Although constipation is common in PD and can precede its motor symptoms by 12 years or more years1
, the pathologic association between impaired gastrointestinal motility and PD is poorly understood. The motility impairment might be caused by the same processes that produce the motor symptoms of PD, but in different regions of the nervous system. This would suggest a pathologic process preceding the sequence of CNS injuries proposed by Braak.34
Evidence for this includes findings of dopaminergic neuron depletion in the colon and LB in the myenteric plexus in decedents who had PD.6,17
It is interesting that an association between bowel movements and neuron density was absent in decedents who smoked cigarettes during mid-life. Cigarette smoking, is known to be associated with a low frequency of PD. In our data, cigarette smoking was also associated with higher neuron densities in all quadrants of the SN and across all bowel movement frequencies as compared to non-smokers (see ). It may be that an association between bowel movement frequency and neuron density is more subtle in cigarette smokers where neuron density seems uniformly high.34
The mechanism by which cigarette smoking changes the relationship between bowel movement frequency and neuron density in the SN is clearly in need of further study.

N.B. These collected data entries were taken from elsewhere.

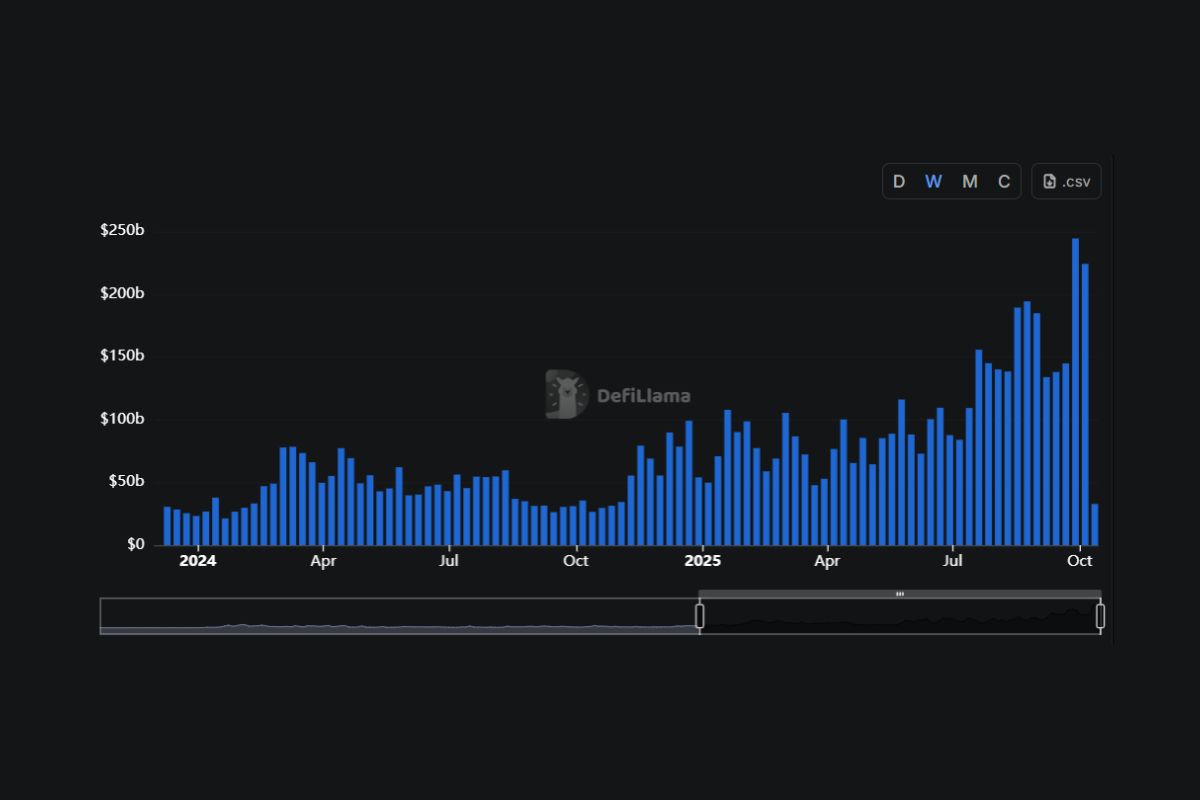 Apesar da competição intensa, o cenário para derivativos on-chain segue em franca expansão. O mercado, que movimentava alguns bilhões em 2023, já ultrapassa US$ 200 bilhões em volume semanal, segundo dados da DeFiLlama.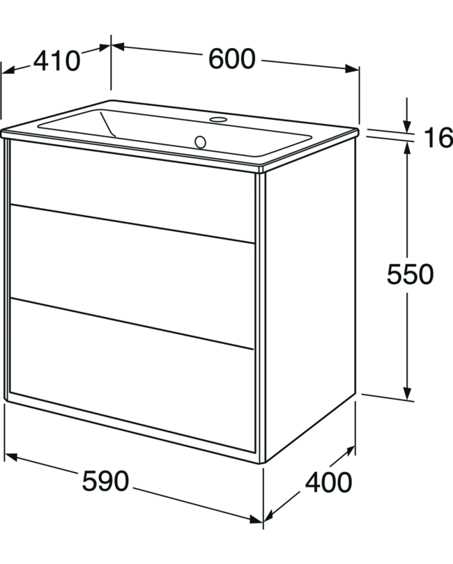 Graphic har lidt slankere mål end de fleste andre badeværelsesmøbler. Designet er baseret på grafiske former og mål, der gentager sig.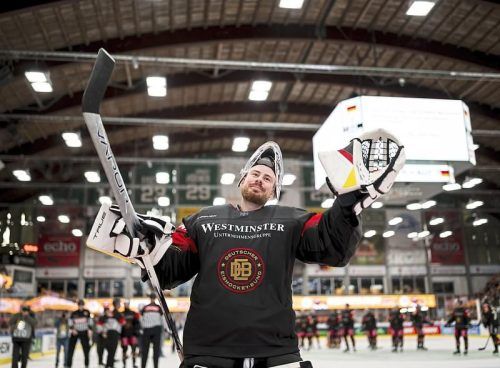 Große Gefühle im Rofa-Stadion: NHL-Torhüter Philipp Grubauer. © DEB/City-Press
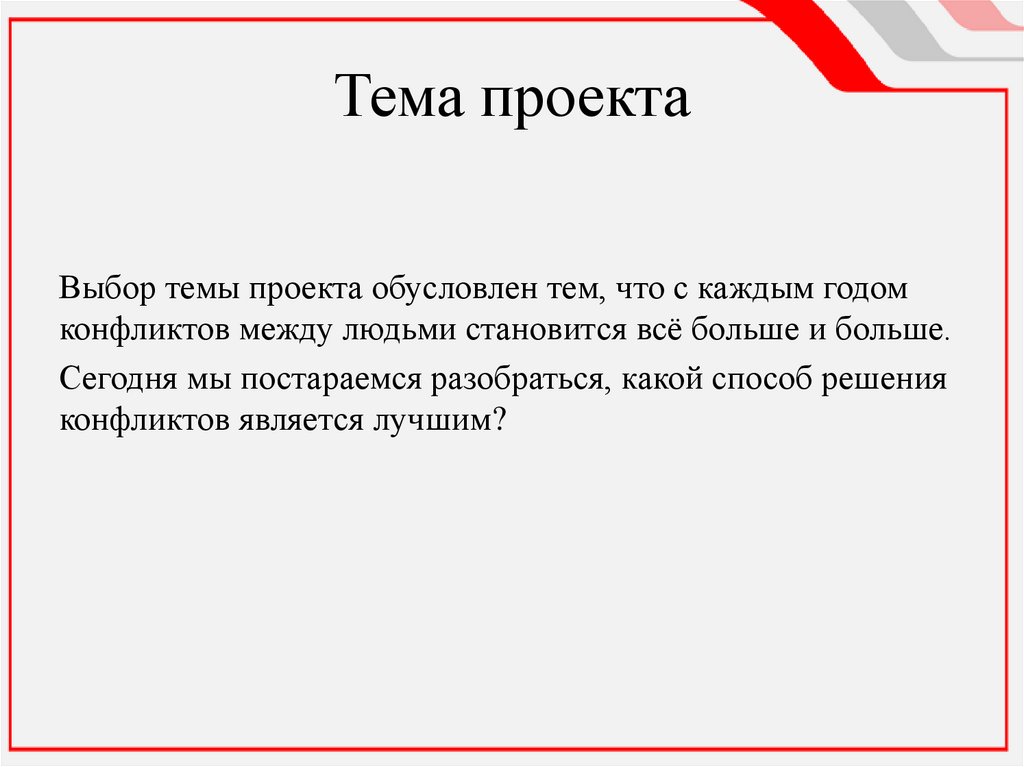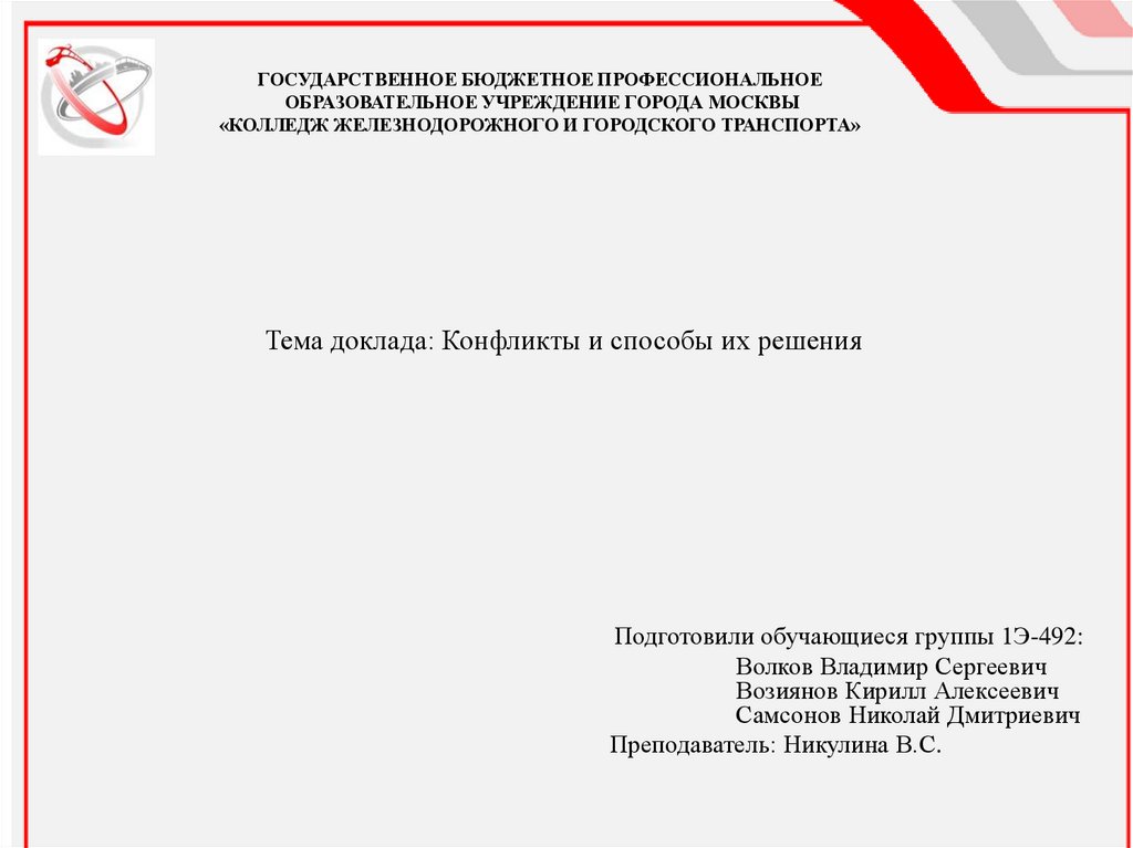 Тема доклада: Конфликты и способы их решения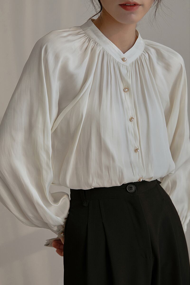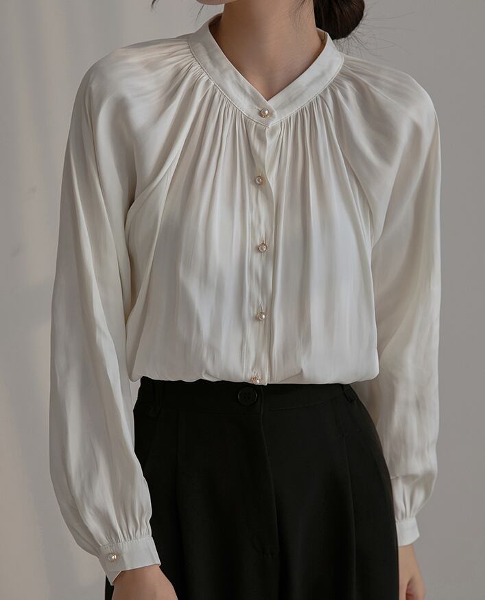 シンプルなデザインのノーカラーブラウス。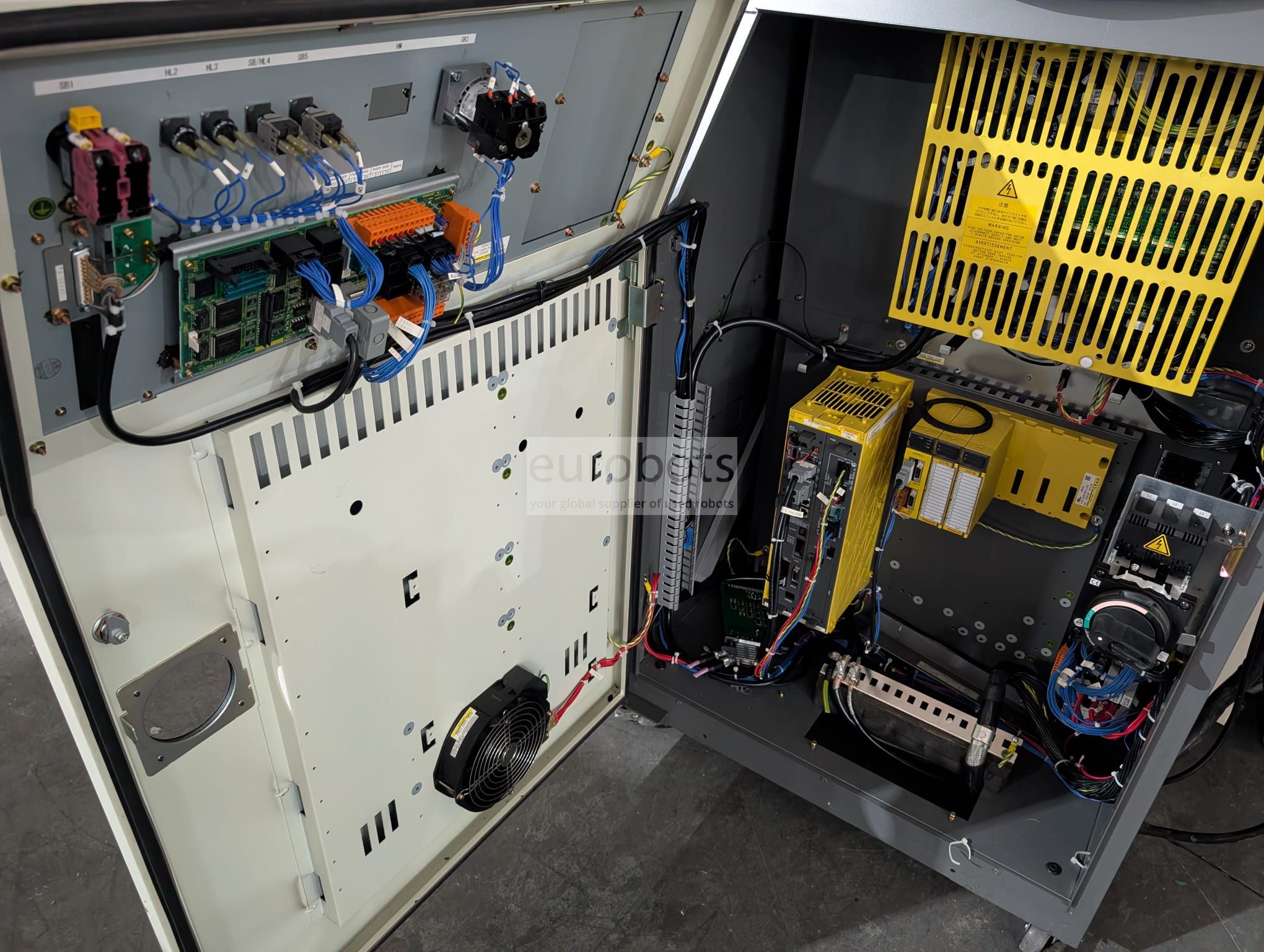 The R-30iA controller has an USB interface in the front panel and a PCMCIA interface inside of the control cabinet

Data from the HAAS autopsy study demonstrate that low counts in the SN can occur with or without LB being present.35
Among non-smokers, our data suggest that nigral neuron counts are lower in individuals with a history of infrequent bowel movements. The relationship is strongest in the ventrolateral quadrant where there is a preponderance of SN injury in PD36
but was also present in the dorsomedial and ventromedial quadrants. This relationship appears to be independent of the presence of LB in the SN or LC or clinical diagnosis of PD.
In addition to statistically adjusting for LB, we repeated our analyses after removal of all cases of PD and incidental LB. Although our sample has been reduced and our statistical methods become less precise, decedents with >1 bowel movement/day continued to have a significant excess of neuron counts in the dorsomedial and ventrolateral quadrants relative to those with <1 bowel movement/day (p=0.018 and p=0.019). This is also true after adjustment for all other factors.
There were 29 men with no LB in the SN or LC who also had exams that included the Unified Parkinson’s Disease Rating Scale (UPDRS) at the time of assessment of bowel movement frequency. Unfortunately, this sample size is too limited to provide a careful assessment with additional adjustment for the UPDRS. Among the 29 men, however, 2 had <1 bowel movement per day, 19 had 1 bowel movement per day, and 8 had >1 bowel movement per day. The 2 men with <1 bowel movement per day fell in the highest tertile of UPDRS scores. They also had average neuron densities in all quadrants that were lower than any other combination of bowel movement frequency and UPDRS score.
Although the cause of constipation in PD remains unknown, data presented here suggest that constipation in non-smoking men is associated with low neuron counts in the SN and can occur without LB in the SN. Current initiatives in the HAAS are now investigating whether individuals with constipation and low nigral neuron density have synuclein deposition in the nervous system of the gut or the dorsal motor vagal nucleus.